The First Amended Complaint seeks temporary injunctive relief against retaliation for filing the present lawsuit. [Doc. 19 at 15] Plaintiff does not allege that any of the Defendants have retaliated against him for filing the present civil rights action; rather Plaintiff seeks temporary injunctive relief prophylactically to guard against the possibility of retaliation in the future. The possibility of future retaliation is simply too speculative to justify granting Plaintiff's request for temporary injunctive relief. See RoDaDrilling Co. Siegal, 552 F.3d 1203, 1210 (10th Cir. 2009) (requiring irreparable harm for preliminary injunctive relief and noting that "purely speculative harm will not suffice"). Therefore, Plaintiff's request for temporary injunctive relief will be denied.

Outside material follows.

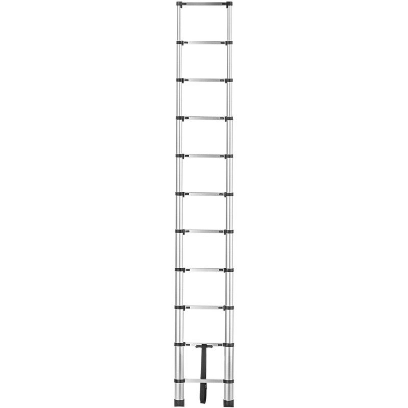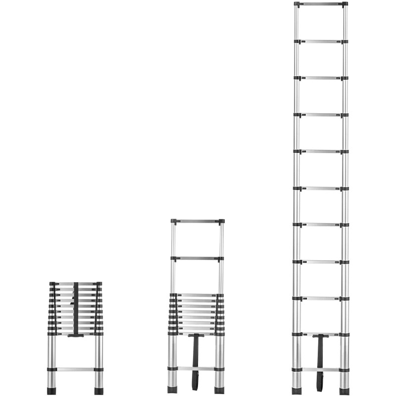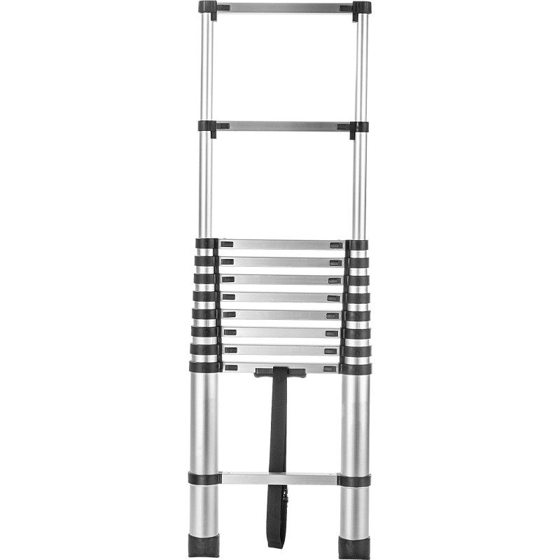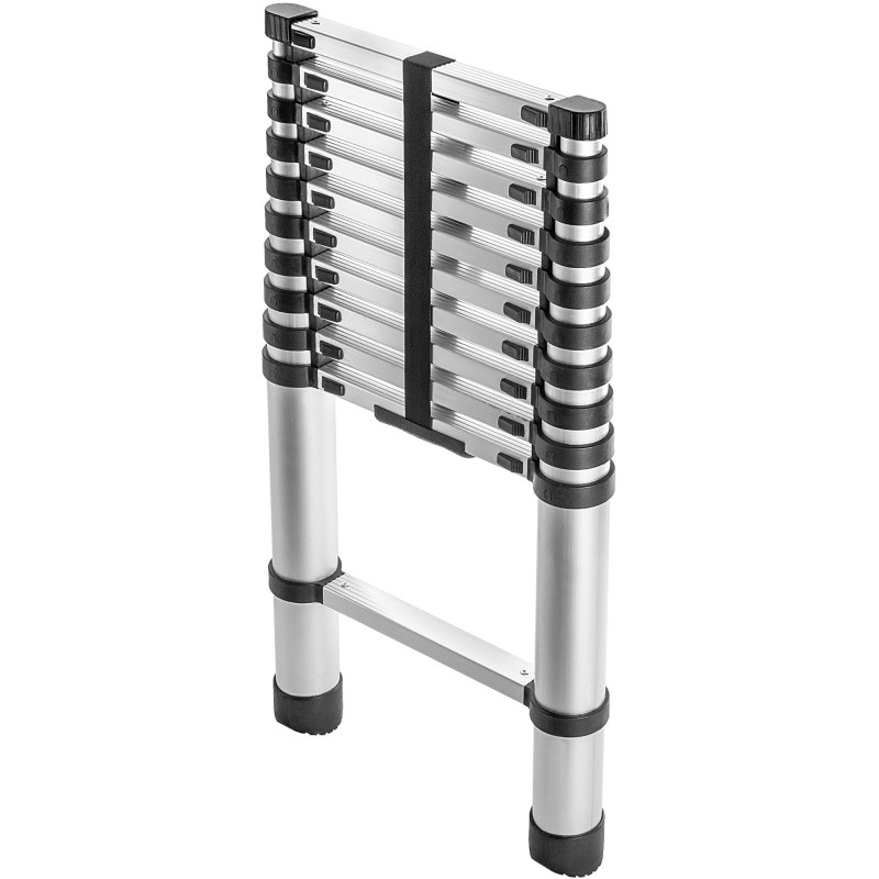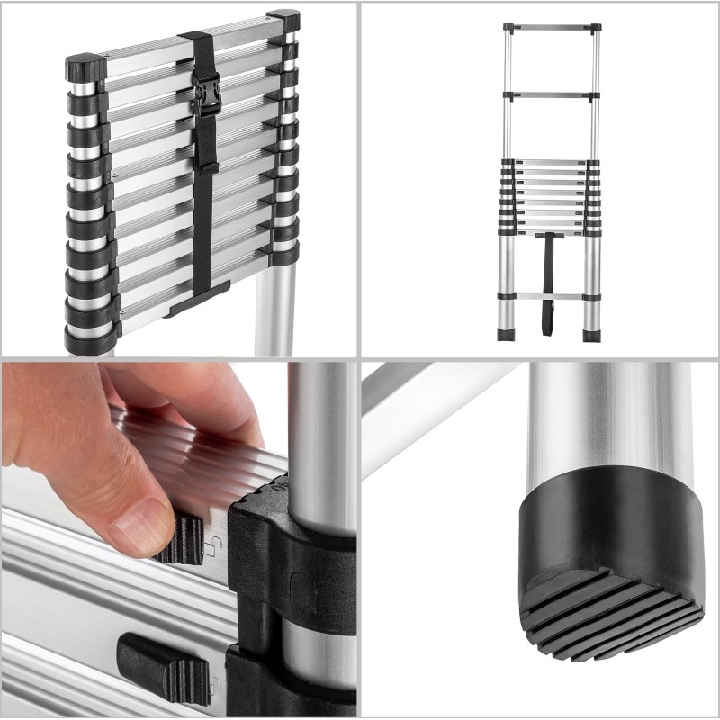 aluminiowa drabina teleskopowa pozwoli Ci bezpieczną realizację zadań wymagających znalezienia się na danej wysokości. Akcesorium wyposażono w szerokie i stabilne stopki antypoślizgowe.

The Court concludes that Plaintiffs' First Amended Complaint states a claim for relief against Defendants Douglas, Bixenmen and Calvillo for the alleged deprivation of Plaintiff's Eighth Amendment right to be free from cruel and unusual punishment. Therefore, the Court will direct the Clerk of the Court to mail notice and waiver of service forms to these Defendants. Because the Court will give these Defendants an opportunity to waive service of process in accordance with Fed. R. Civ. P. 4(d), Plaintiff's Motion For Order Directing U.S. Marshal's To Effect Service on All Defendants [Doc. 18] will be denied without prejudice as premature.
IT IS THEREFORE ORDERED that Plaintiff's claims against Defendants Roark, Marcantel, Elizondo, Cooper, and Jenecka, are DISMISSED; and Defendants Roark, Marcantel, Elizondo, Cooper, and Janecka are DISMISSED as parties to this action;
IT IS FURTHER ORDERED that Plaintiff's request for temporary injunctive relief is DENIED;
IT IS FURTHER ORDERED that Plaintiff's Motion For Order Directing U.S. Marshal's To Effect Service on All Defendants [Doc. 18] is DENIED;
IT IS FURTHER ORDERED that the Clerk of the Court is directed to mail notice and waiver of service forms, along with a copy of the First Amended Complaint [Doc. 19] and this Memorandum Opinion and Order, to Defendants Douglas, Bixenmen, and Calvillo at the Lea County Correctional Facility, 6900 West Millen, Hobbs, New Mexico, 88244.